**What to work on:**
Without changing a word, repeat the data, and include no pictures.

**Study material:**
Segment Open
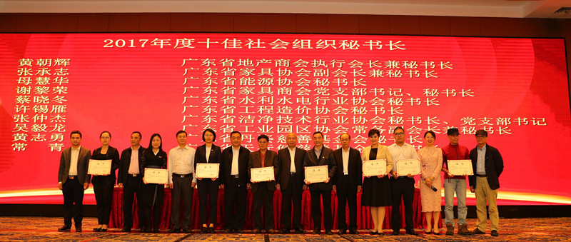 2018年3月29日,廣東省社會(huì)組織總會(huì)三屆三次會(huì)員大會(huì)暨表彰大會(huì)在廣州東方賓館隆重召開(kāi)。廣東省民政廳黨組成員、巡視員,廣東省社會(huì)組織黨委書記王長(zhǎng)勝,以及廣東省社會(huì)組織管理局局長(zhǎng)、廣東省社會(huì)組織黨委副書記莊侃出席會(huì)議并為先進(jìn)獎(jiǎng)項(xiàng)單位及個(gè)人頒牌,我協(xié)會(huì)母慧華秘書長(zhǎng)及相關(guān)人員參加會(huì)議并接受頒牌。
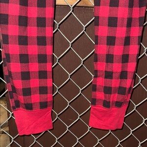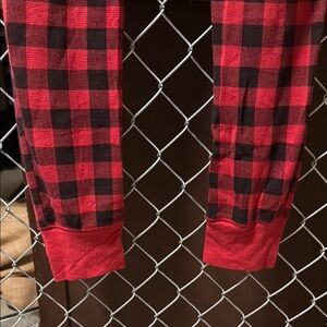 Cozy red plaid onesie with button front. Features a cute dog logo on the chest.
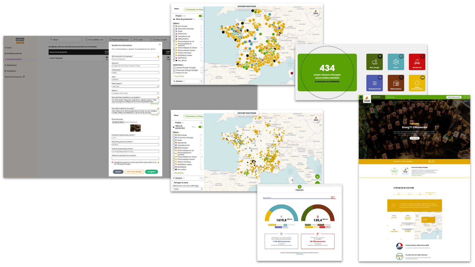 - Les données renseignées dans la partie « projet » sont essentiellement des éléments de communication qui permettent de « raconter une histoire » avec des photo, des témoignages,… Ces données vont permettre de créer automatiquement une « Fiche projet » sur le site internet d’Énergie Partagée :
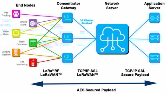 - Aslam, M.S.; Khan, A.; Atif, A.; Hassan, S.A.; Mahmood, A.; Qureshi, H.K.; Gidlund, M. Exploring Multi-Hop LoRa for Green Smart Cities. IEEE Netw. 2020, 34, 225–231. [Google Scholar] [CrossRef]
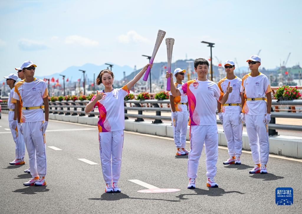 当日,杭州亚运会火炬在浙江省舟山传递。
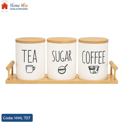 جهزي ركن الكوفي عندك بأجمل طقم بورسلين، 3 برطمان مع تراي خشب أنيق، عشان تحطي فيهم الشاي والقهوة والسكر بشكل مرتب وشيك.
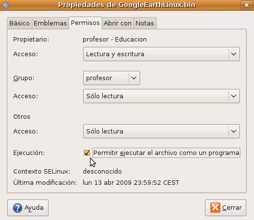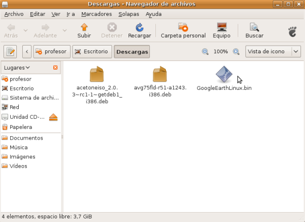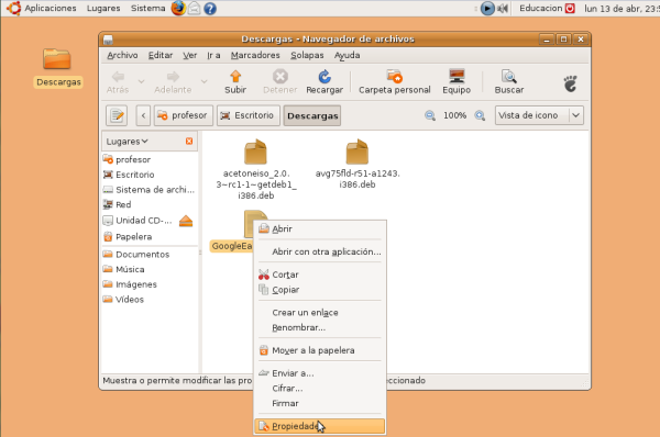 Google Earth nos permite volar a cualquier parte de la Tierra para ver imágenes de satélite, mapas, relieves, edificios en 3D… desde galaxias del espacio exterior hasta cañones de los océanos, por lo que se convierte en una aplicación indispensable para impartir contenidos de Geografía. Para instalarlo abrimos la carpeta Descargas (dónde lo habíamos guardado anteriormente después de descargarlo) y sobre el fichero GoogleEarthLinux.bin pulsamos el botón derecho del ratón. Aparecerá el menú contextual y en él seleccionaremos Propiedades.
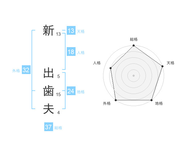 新 出歯夫さんの総格は37画の5点!
Segment Closed
**Result for this exercise:**
 2018年3月29日,廣東省社會(huì)組織總會(huì)三屆三次會(huì)員大會(huì)暨表彰大會(huì)在廣州東方賓館隆重召開(kāi)。廣東省民政廳黨組成員、巡視員,廣東省社會(huì)組織黨委書記王長(zhǎng)勝,以及廣東省社會(huì)組織管理局局長(zhǎng)、廣東省社會(huì)組織黨委副書記莊侃出席會(huì)議并為先進(jìn)獎(jiǎng)項(xiàng)單位及個(gè)人頒牌,我協(xié)會(huì)母慧華秘書長(zhǎng)及相關(guān)人員參加會(huì)議并接受頒牌。
 Cozy red plaid onesie with button front. Features a cute dog logo on the chest.
 - Les données renseignées dans la partie « projet » sont essentiellement des éléments de communication qui permettent de « raconter une histoire » avec des photo, des témoignages,… Ces données vont permettre de créer automatiquement une « Fiche projet » sur le site internet d’Énergie Partagée :
 - Aslam, M.S.; Khan, A.; Atif, A.; Hassan, S.A.; Mahmood, A.; Qureshi, H.K.; Gidlund, M. Exploring Multi-Hop LoRa for Green Smart Cities. IEEE Netw. 2020, 34, 225–231. [Google Scholar] [CrossRef]
 当日,杭州亚运会火炬在浙江省舟山传递。
 جهزي ركن الكوفي عندك بأجمل طقم بورسلين، 3 برطمان مع تراي خشب أنيق، عشان تحطي فيهم الشاي والقهوة والسكر بشكل مرتب وشيك.
 Google Earth nos permite volar a cualquier parte de la Tierra para ver imágenes de satélite, mapas, relieves, edificios en 3D… desde galaxias del espacio exterior hasta cañones de los océanos, por lo que se convierte en una aplicación indispensable para impartir contenidos de Geografía. Para instalarlo abrimos la carpeta Descargas (dónde lo habíamos guardado anteriormente después de descargarlo) y sobre el fichero GoogleEarthLinux.bin pulsamos el botón derecho del ratón. Aparecerá el menú contextual y en él seleccionaremos Propiedades.
 新 出歯夫さんの総格は37画の5点!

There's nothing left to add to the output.